Advocacy and Climate Change Projects:

- Participated in the Collection of 1.2 Million Signatures to Stop Political Impunity.
- Published Climate Forest Finance Report at COP17.
- The GBM registered two Forest Carbon Projects in 2011 in order for communities to receive revenue from reforestation and carbon credits. In 2011 the project had passed a very intensive and demanding registration process.
- GBM staff and volunteer leaders advocated against a landmark land grabbing case at Nairobi's City Market.

Community Empowerment and Education:

- Seminars on the New Kenyan Constitution in 23 Counties.
- School Tree Nurseries Raised Scholarship Funds for Girls in Need.
- Launched the Environment, Health and Population Program.
- Climate Change Training for Rural Community Members.

=== 2012 ===
Tree Planting Projects:

- Tree planting occurred with the Kenya Armed Forces and several civil servants to help educate and manage their environments.
- Beekeeping in Samburu West Constituency was initiated as an ecological friendly source of livelihood. "Sample Kenya top bee hives were issued to 92 group members to start implement the developed bee keeping business plan. The tree nursery groups aim to increase the hives to 1,275 for income, increased land productivity and protection of biodiversity"(10).
- A total of 1,971,378 trees were planted in 2012.

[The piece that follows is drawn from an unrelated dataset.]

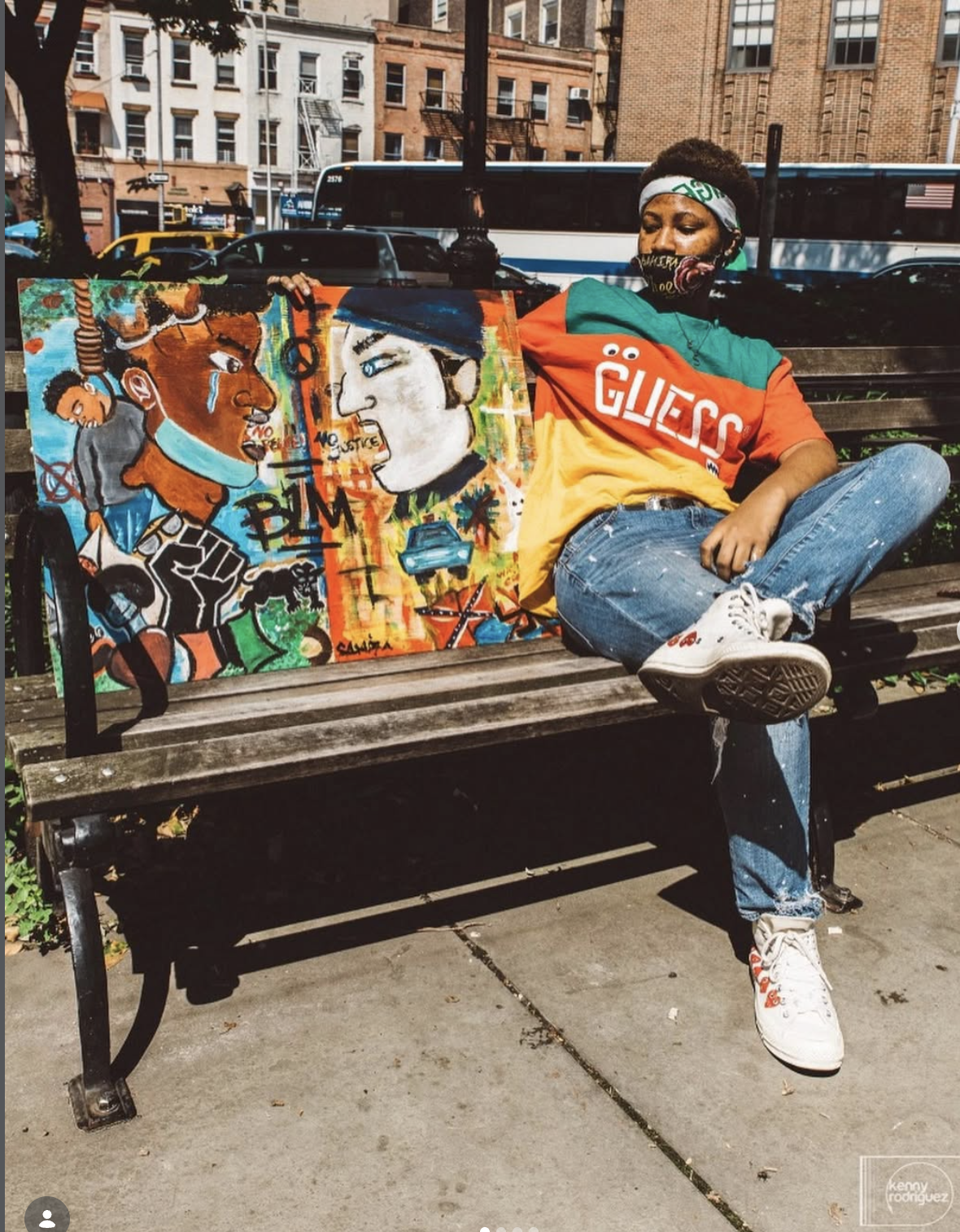 I'm Samira — NYC-based visual artist and founder of SammyBammy. My work was forged during one of the most defining moments in modern history. Here in 2020, I was 18 years old, while the world was on fire and people were dying, demanding to be seen, I was painting. I don't even remember what I called this one — I just remember being around other people making cool shit and feeling like I had something to say too. So I said it. I even decked out my mask. This painting is a memorial of the struggle we all faced during this time.

Advocacy & Peace Building:

- 2012 GBM continued with its peace and reconciliation initiatives district of Nakuru County through a partnership with the Green Gross International, Sweden
- Completed a three-year Population Health and Environment pilot project funded by USAID in partnership with FHI360, Ministry of Public Health and Sanitation, Local Administration, NCPD, APHIA plus Kamili in Nithi, Nyeri, Tetu and Othaya constituencies. Climate Change Training for Rural Community Members

=== 2013 ===
Tree Planting:

- The GBM partnered with Waterstone, Norway and launched the Bamboo Biomass and Entrepreneurship project in 2013. This project is a pilot project that encouraged planting, propagating, and nurturing bamboo plants indigenous to Kenya. More than 1500 seedlings were planted in Maragua by women who had been trained for two days on how to grow bamboo effectively.
- The GBM finalized there plans for the improvement of the Aberdare Ecosystems, five major water towers in Kenya.
- The GBM was awarded a three-year contract to rehabilitate the Sondu Miriu River Catchment located in the Mau Conservancy. The GBM was awarded the three-year contract from the Ministry of Energy and Petroleum. The project was located in Chepalungu Forest in Bomet County and includes the Mau Water Tower and the Migori Watershed. Through the project the restoration of the degraded forest and watershed occurred and several educational outreach initiatives and activities occurred within rural communities.
- The GBM partnered with the Prince Albert II of Monaco, Yves Rocher, and the Schooner Foundations to integrate the rehabilitation and conservation of Kirisia Forest Watersheds. The project consisted of a three-year rehabilitation plan and in 2013 the GBM and its partners rehabilitate 55 Ha of degraded land within the Kirisia forest. The GBM also purchased a series of GIS monitoring tools which allowed the project to enhance its monitoring program and enforcement of the restored forested areas.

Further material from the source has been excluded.